- Taylor in 1978
- Born: Delores Judith Taylor September 27, 1932 Winner, South Dakota, U.S.
- Died: March 23, 2018 (aged 85) Los Angeles, California
- Occupations: Actress; screenwriter; producer;
- Years active: 1965–1977
- Spouse: Tom Laughlin ​ ​(m. 1954; died 2013)​
- Children: 3

= Delores Taylor =

American actress

Delores Judith Taylor (September 27, 1932 – March 23, 2018) was an American film actor, screenwriter, and producer, known for her roles in the Billy Jack films of the 1970s.

==Life and career==
Taylor was born in 1932 in Winner, South Dakota, and grew up near the Rosebud Indian Reservation. Her father, Harry Taylor, was a postmaster, who ran a post office that was frequented by Native Americans. Her mother, Ann Nelson, was a homemaker.

She met actor Tom Laughlin while a student at the University of South Dakota in 1953, and married him while she was a graphic artist on October 15, 1954. They borrowed a car and moved to Los Angeles in 1955. They had three children: Frank, Teresa, and Christina. Her daughter Teresa is a fashion designer.

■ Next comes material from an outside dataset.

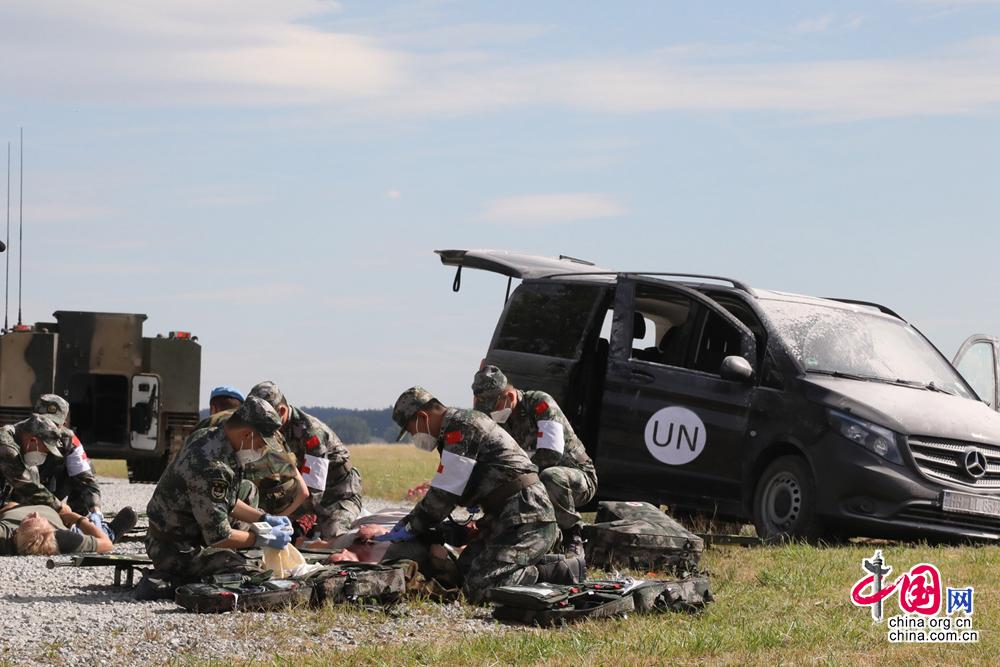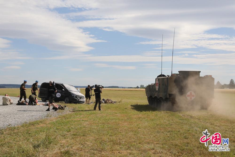 模拟难民营旁边两军人员正在展开联合训练。炸弹袭击导致商务车内8人受伤,其中4名重伤员、4名轻伤员,期间,我军履带式装甲急救车、高机动型野战急救车紧急停靠在迎接后送急重症伤员的最佳位置,该车主要用于战场伤员前接后送和途中不间断急救,车厢自带电源,即使在车辆出现故障的情况下也可独立运作。中方急救军医、白求恩医务士官学校教务处长王营介绍,“这辆救护车装有特种装甲钢板,能够抗地雷冲击,防轻武器射击和弹片,更好地满足战时伤病员转运救治防护需求。”另外,我军携带的高机动型卫生防疫车是演习中唯一一台具备大面积消杀功能的专业技术车辆,对我军卫勤装备的先进性能表示赞赏。德军用于现场救护的装甲救护车非常先进,狐式装甲救护车能够一次运送1名卧位或2名坐位伤员,而拳师犬式装甲救护车可一次运动3名卧位或6名坐位伤员,均具备防弹、越野型和涉水性能好等特点,体现了德军装备模块化发展的思路。

Together the couple developed the character of "Billy Jack", who first appeared in the 1967 film The Born Losers. They followed that with Billy Jack in 1971, then The Trial of Billy Jack in 1974, and Billy Jack Goes to Washington in 1976. Taylor and Laughlin played the starring roles in the latter three films. Taylor co-produced both The Born Losers and the 1975 film The Master Gunfighter.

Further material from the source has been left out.